> [ACTIVITY]: Nothing but the lines from the one containing "Рушник з домотканого" through the end of the entries below should appear in your answer, transcribed exactly; please drop the pictures.

> [GIVEN DATA]:
■ ■ ■ ■
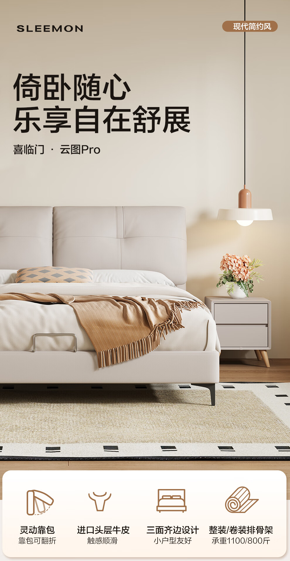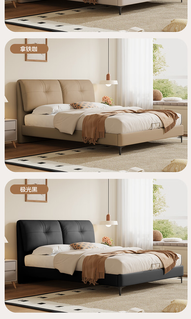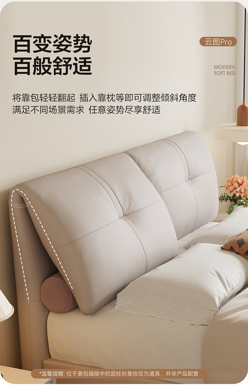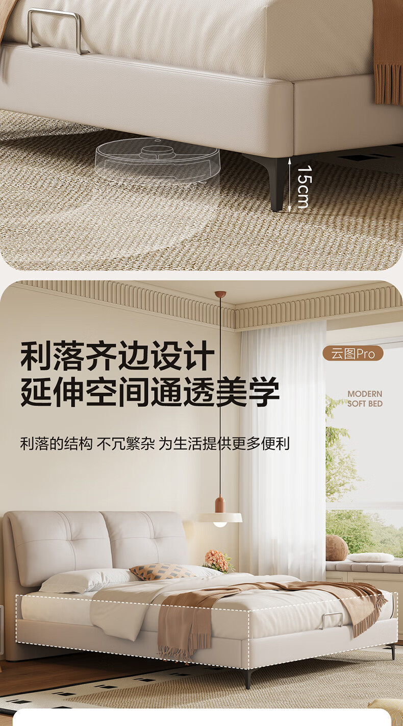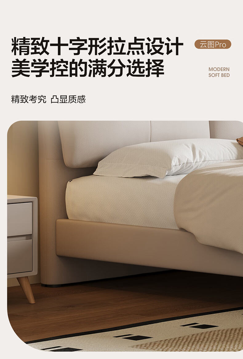 喜临门真皮双人大床主次卧婚床现代简约【云图pro-储物款】[床架] 云雾米+白骑士plus床垫 1.8*2米
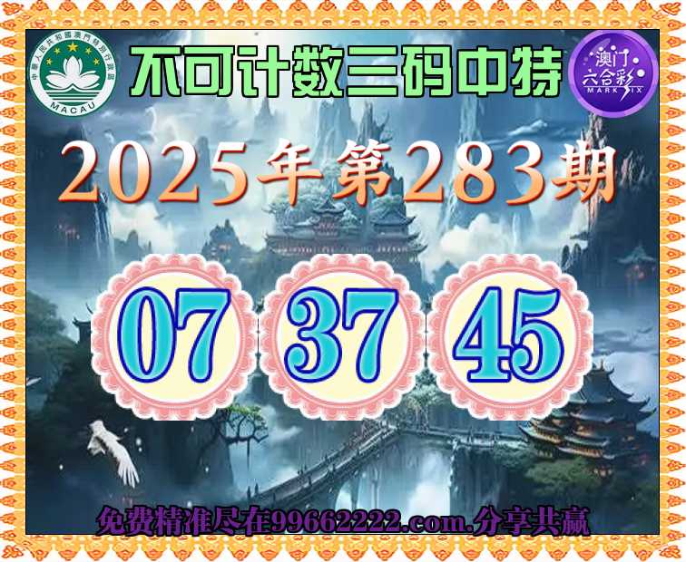 283期:『不可计数』 ⌚三码中特⌚【07.37.45】开:45准
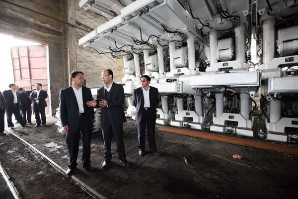 4月7日上午,銅川礦業(yè)公司黨委書記黃河帶領(lǐng)黨委組織部、宣傳部、黨辦室、規(guī)劃部負(fù)責(zé)人一行深入金華山礦調(diào)研,先后到礦井污水處理廠、綠色環(huán)保煤廠、家屬區(qū)供暖鍋爐、綜合樓等處查看地面建設(shè)情況。每到一處,黃書記詳細(xì)察看工程進(jìn)度,了解工程進(jìn)展情況,對陪同的部室領(lǐng)導(dǎo)和礦領(lǐng)導(dǎo)提出了具體要求。
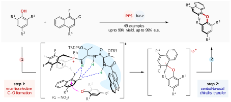 王天利教授团队与中国科学院上海有机所薛小松研究员团队合作,在这一挑战性研究领域取得重要突破,相关成果发表于《自然•催化》(Nature Catalysis)。研究团队创新性地发展了一类基于仿生手性肽季鏻盐(PPS)的有机催化新策略,成功实现了由亲核芳香取代(SNAr)反应介导的阻转选择性C–O键构筑(图1c)。该策略充分发挥了PPS催化剂独特的结构优势:其柔性肽骨架赋予的构象自适应能力与鏻盐中心的正电性协同作用,构筑了高度专一的手性微环境。催化剂通过氢键与离子对等多种非共价相互作用,协同活化大位阻酚类亲核试剂与芳基卤化物亲电试剂,有效抑制背景反应,并在高度拥挤的空腔环境中精准调控底物的相对取向,从而实现了反应活性与对映选择性的统一。这一工作为轴手性二芳基醚的精准、高效不对称合成提供了全新范式。
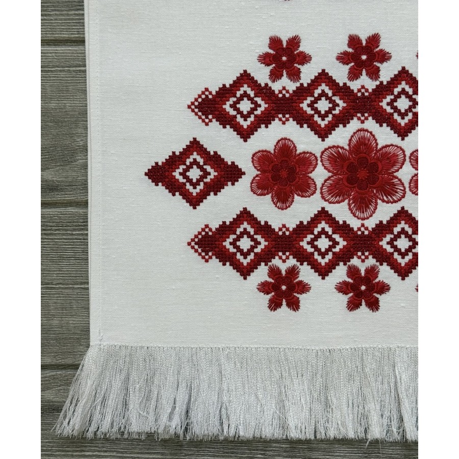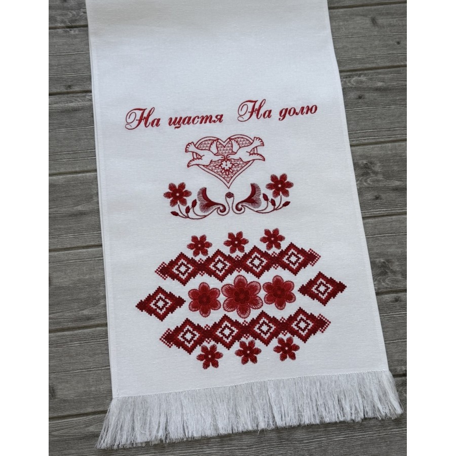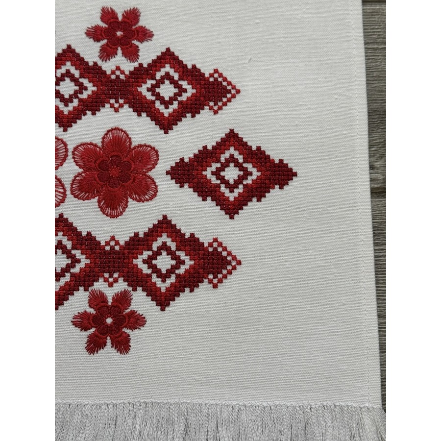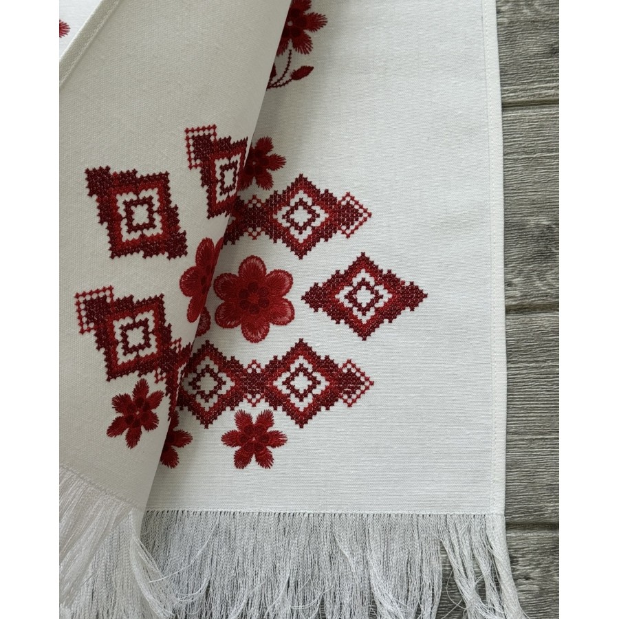 Рушник з домотканого полотна з натуральної бавовни білого кольору та з машинною вишивкою в червоних тонах. Розмір 39х145см. Ідеально на весілля, вінчання, сватання. Виробник VA Style Київ.
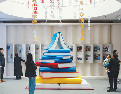 步入“歌以咏志 星汉灿烂——新时代文学成就展”展厅,书山模样的艺术装置矗立展厅中央。
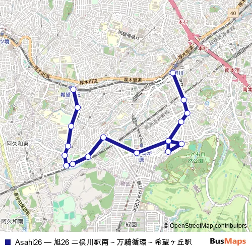 The first stop of the Asahi26 bus route is キボウガオカエキ and the last stop is フタマタガワエキミナミグチ. Asahi26 (旭26 二俣川駅南~万騎循環~希望ヶ丘駅) is operational during 毎日.
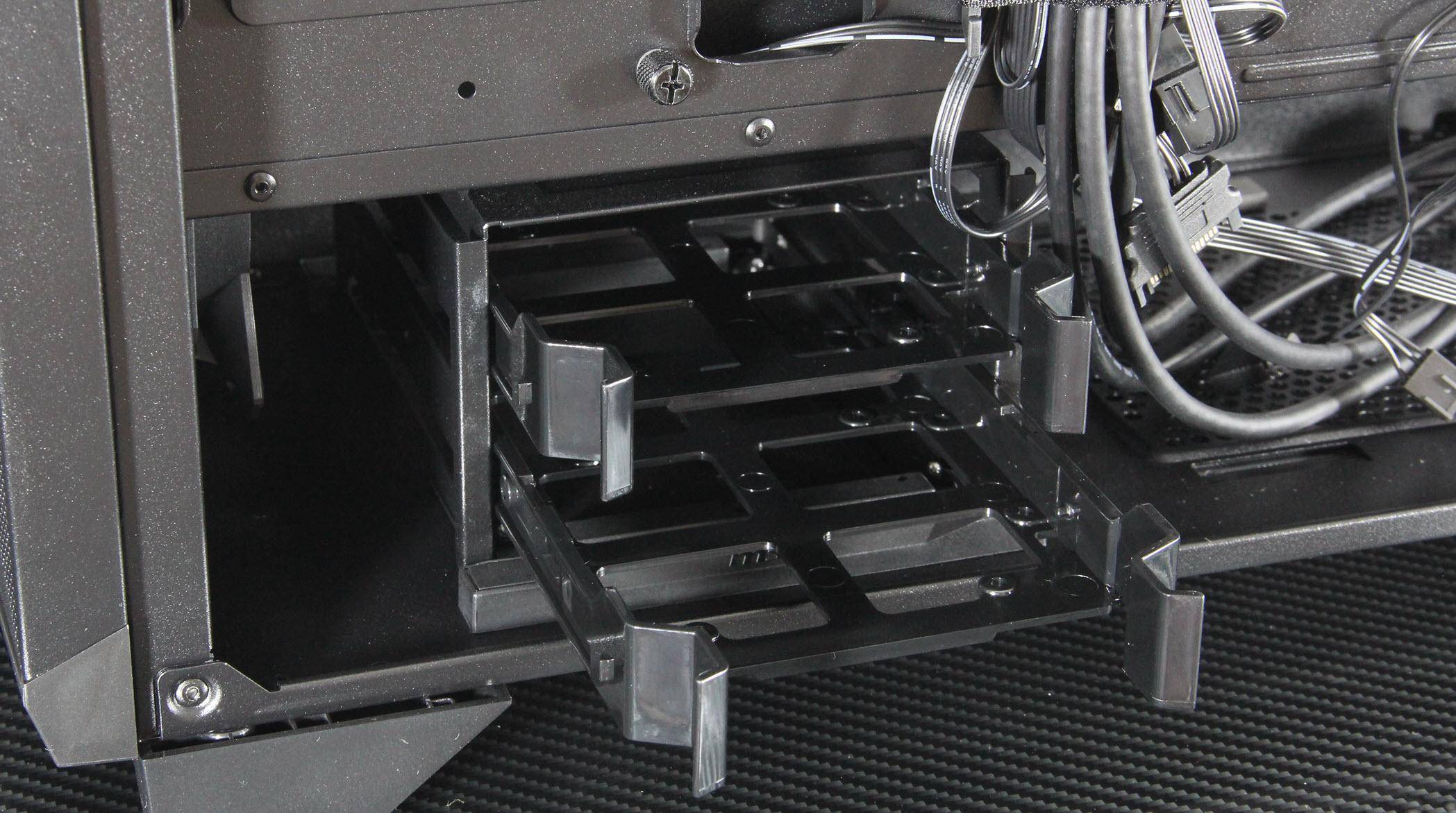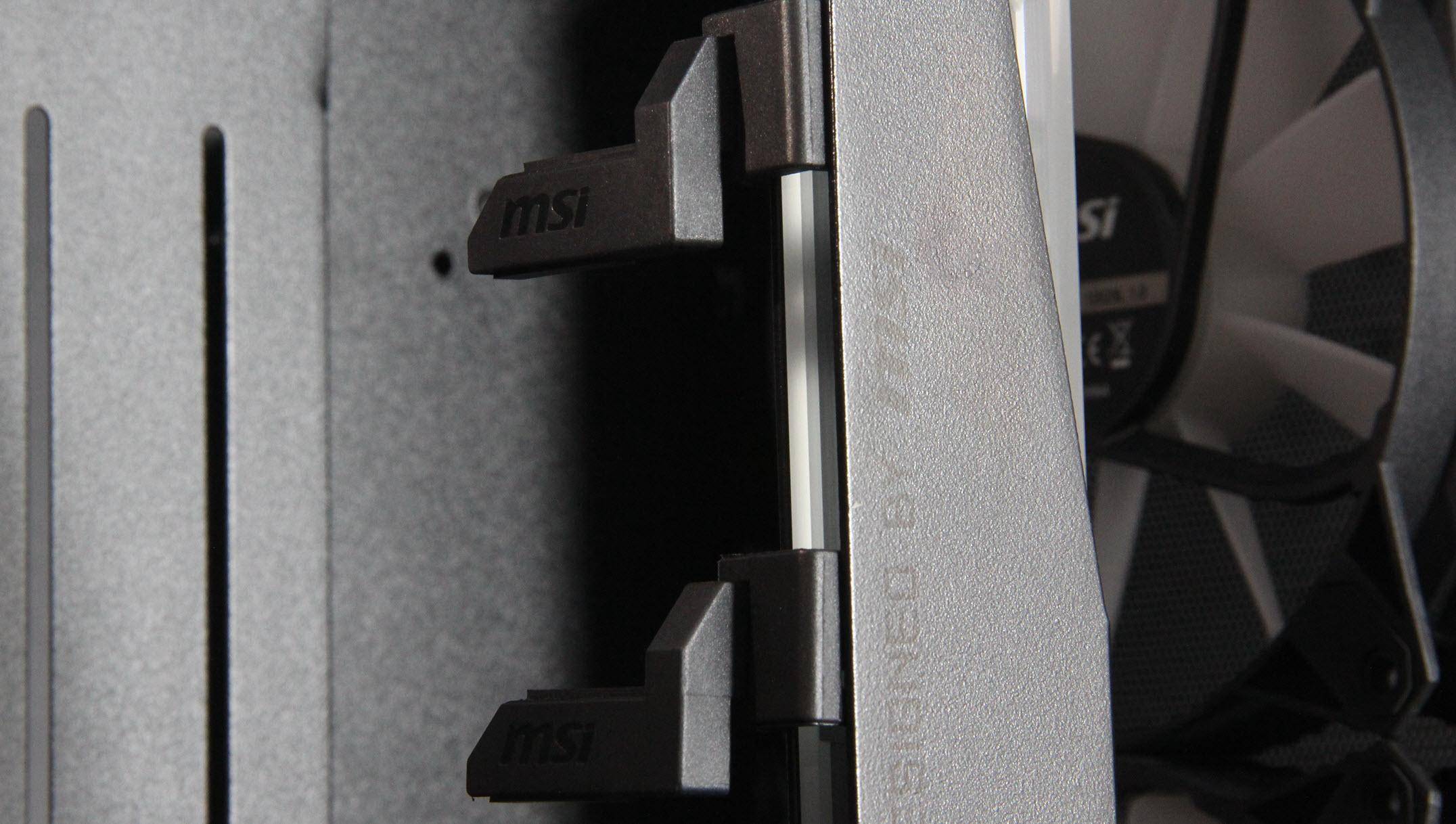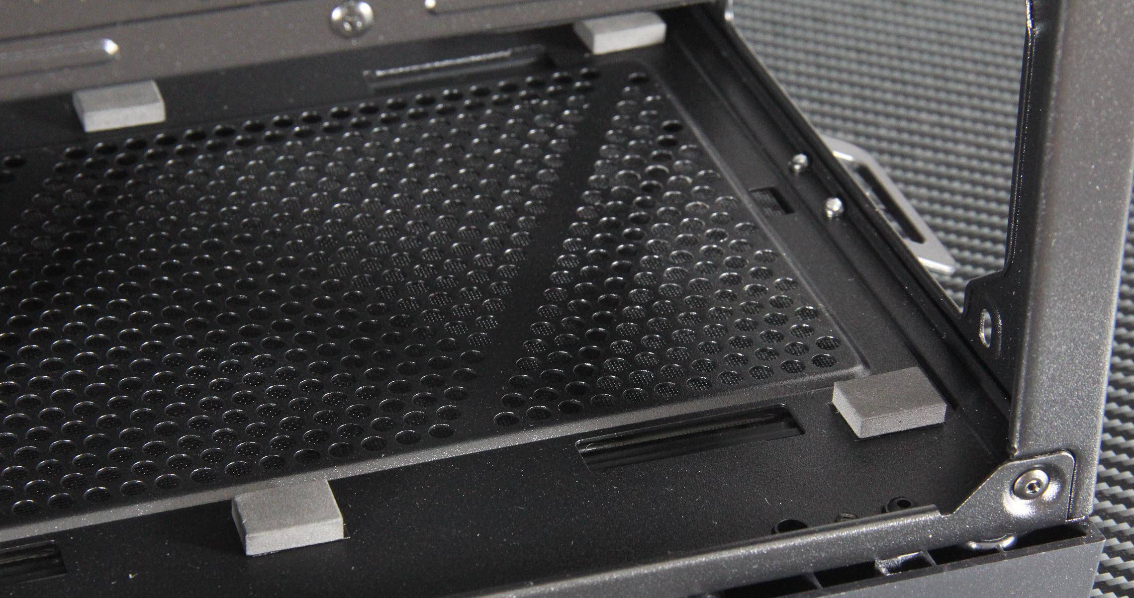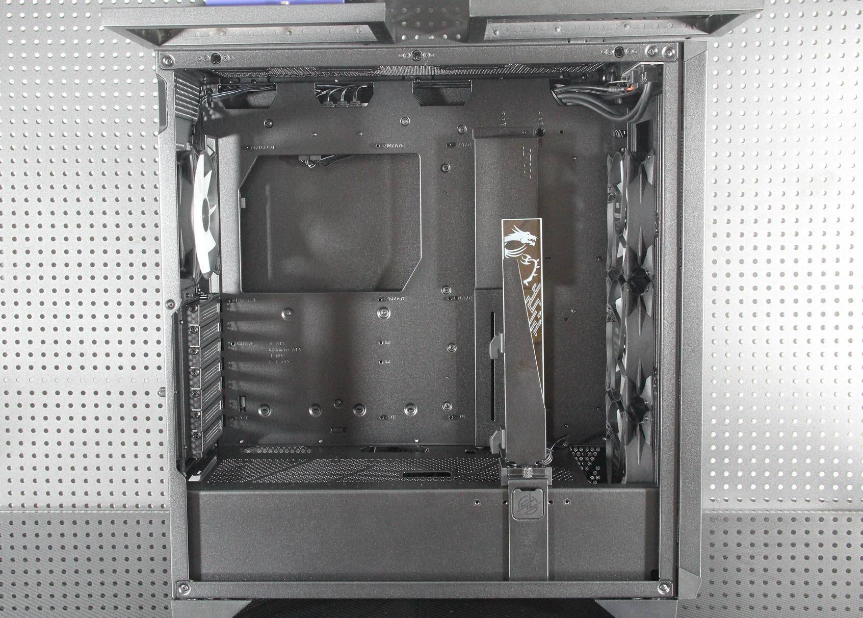 在细节设计方面,机箱的底面虽然整体上没有风道设计,只在电源位置上留了一个风洞并带有抽屉式防尘网。这些细节设计都充分体现了微星对产品的用心和对用户体验的重视。此外,四个SATA SSD硬盘架科学布局,互不干扰且免螺丝安装更加省心。
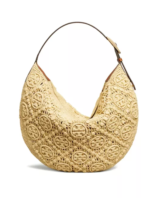 beige intricate crochet design leather shoulder strap logo detailing spacious interior
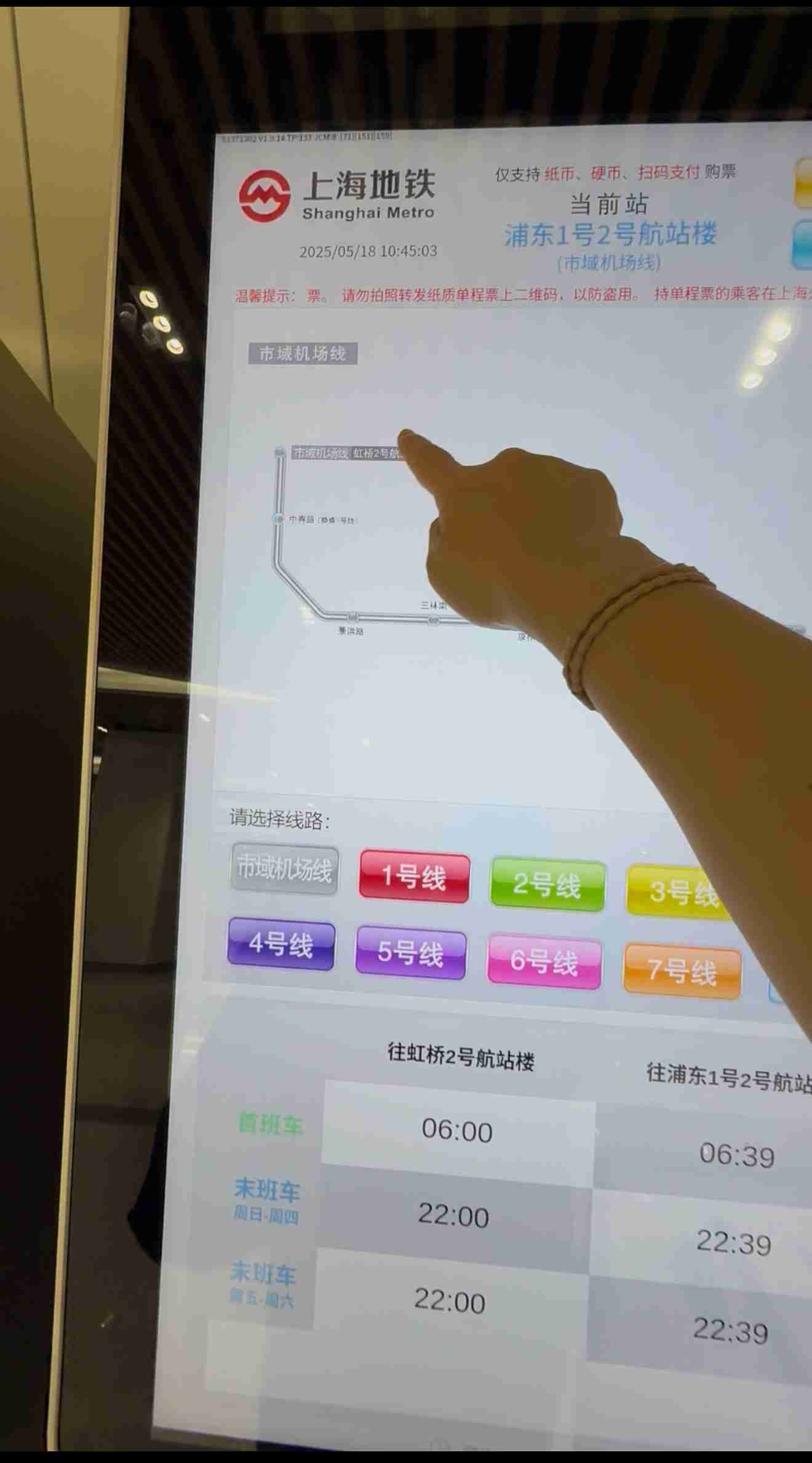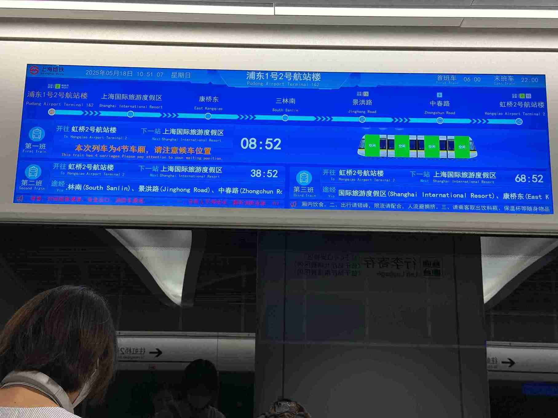 市域線的營運時間為首班車從「浦東1號2號航站樓站」早上6點首發,末班發車時間為晚上10點00分,每15分鐘一班的發車頻率,基本上涵蓋了大部分航班的起降時間。無論是趕早班機還是深夜到達,大致都能搭乘到便捷的機場接駁服務。
■ ■ ■ ■
> [ANSWER BOX]:
 Рушник з домотканого полотна з натуральної бавовни білого кольору та з машинною вишивкою в червоних тонах. Розмір 39х145см. Ідеально на весілля, вінчання, сватання. Виробник VA Style Київ.
 步入“歌以咏志 星汉灿烂——新时代文学成就展”展厅,书山模样的艺术装置矗立展厅中央。
 The first stop of the Asahi26 bus route is キボウガオカエキ and the last stop is フタマタガワエキミナミグチ. Asahi26 (旭26 二俣川駅南~万騎循環~希望ヶ丘駅) is operational during 毎日.
 在细节设计方面,机箱的底面虽然整体上没有风道设计,只在电源位置上留了一个风洞并带有抽屉式防尘网。这些细节设计都充分体现了微星对产品的用心和对用户体验的重视。此外,四个SATA SSD硬盘架科学布局,互不干扰且免螺丝安装更加省心。
 beige intricate crochet design leather shoulder strap logo detailing spacious interior
 市域線的營運時間為首班車從「浦東1號2號航站樓站」早上6點首發,末班發車時間為晚上10點00分,每15分鐘一班的發車頻率,基本上涵蓋了大部分航班的起降時間。無論是趕早班機還是深夜到達,大致都能搭乘到便捷的機場接駁服務。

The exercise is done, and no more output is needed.